More about Pray for America

Contributor

David Hammons’ Pray For America is a call to action that unfortunately still resonates today. 

Created in 1969, it represents the failings of the United States government. Hammons made the piece just a year after the assassinations of Martin Luther King Jr. and Robert F. Kennedy, and when United States was in the middle of the Vietnam War. It was a very rocky time for our country, and for the world. But the image itself is only half the story. What really makes Pray For America so profound is the way that it was made.

Pray For America is a body print, which means Hammons would lather himself in substances like cooking fat or margarine and then smash his body against the canvas. When he was done, he’d sprinkle pigment onto the surface to give it a slight outline. The effect is an image of a ghostly body, almost skeletal like one would see in an X-ray. Then, to finish it off, he silk-screened the American flag over his imprint, the image acting like a veil or funeral shroud for the praying figure. 

Because of the use of his body, Pray For America is performative in nature. Instead of painting a figure in a praying position, the figure we see on the canvas is, in essence, a remnant of Hammons himself. Art is always an extension of the artist, but this just feels like it goes deeper. And when you take into consideration the message of the painting, and the time that it was created, the fact that Hammons provided this part of himself furthers evocative power of the artwork. Pray for America calls for change in a time the country desperately needed it, and a Black man using his own body to call for that change is deeply meaningful when taken in the context of Black history in America.

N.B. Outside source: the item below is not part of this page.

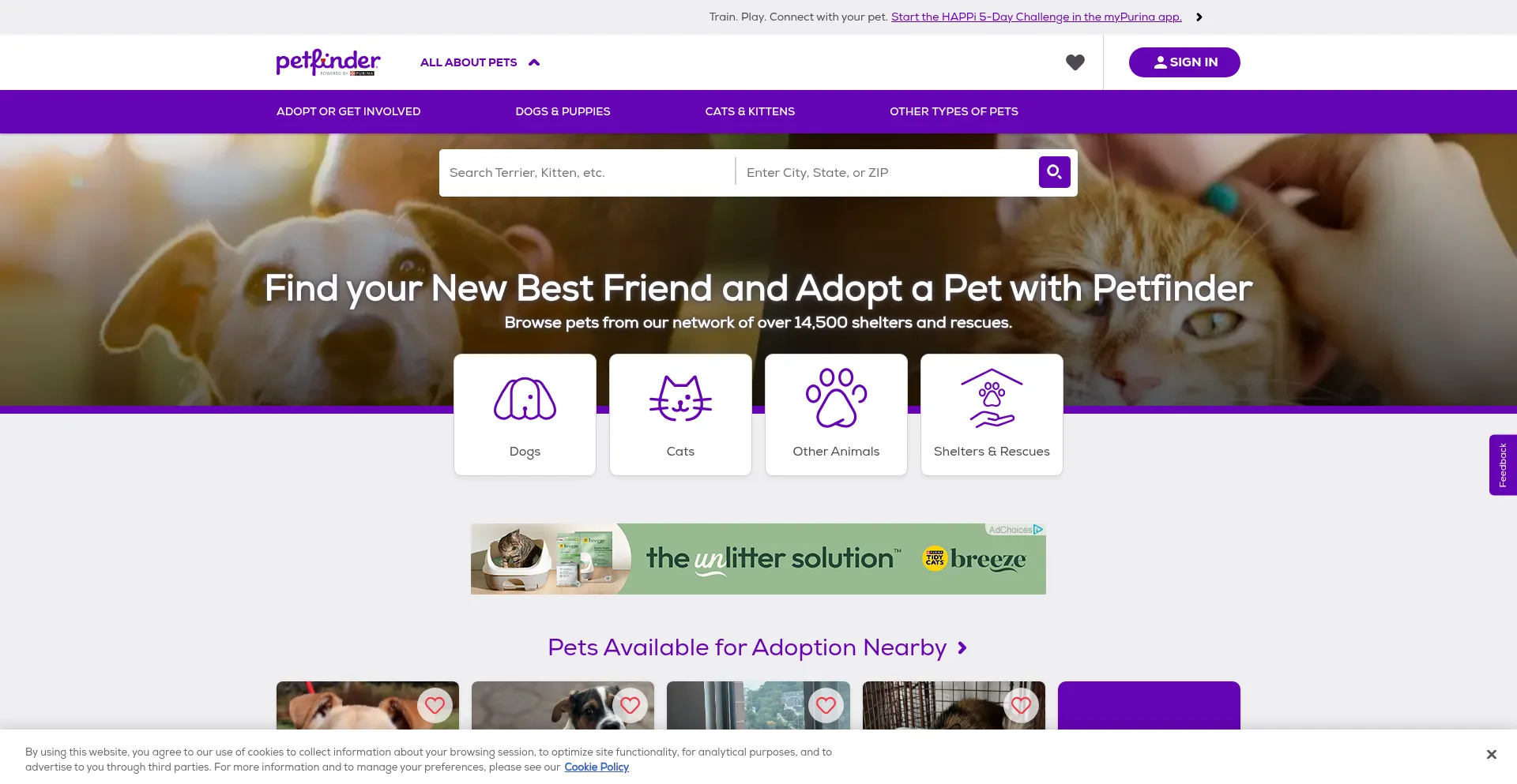 该网站实现符合GDPR或CCPA等隐私法规的cookie同意机制。这表明 petfinder.com 遵守数据保护标准并为用户提供对个人数据收集实践的控制。

Pray for America perfectly encapsulated the feeling of the time, yet the message remains relevant. Nearly 15 years after it was created, the work was featured as the promotional image for an exhibition at the Studio Museum Harlem. This was in 1985, and the prayer still resonated. As I’m writing this, it’s 2021, and the country is in the middle of a pandemic, countless natural disasters, and experiencing the same problems of racial inequity that pervades American history. Hammons has said that he is motivated by the "moral obligation as a black artist to try to graphically document what I feel socially," and the feelings of hope and despair demonstrated in this piece are still as relatable as ever.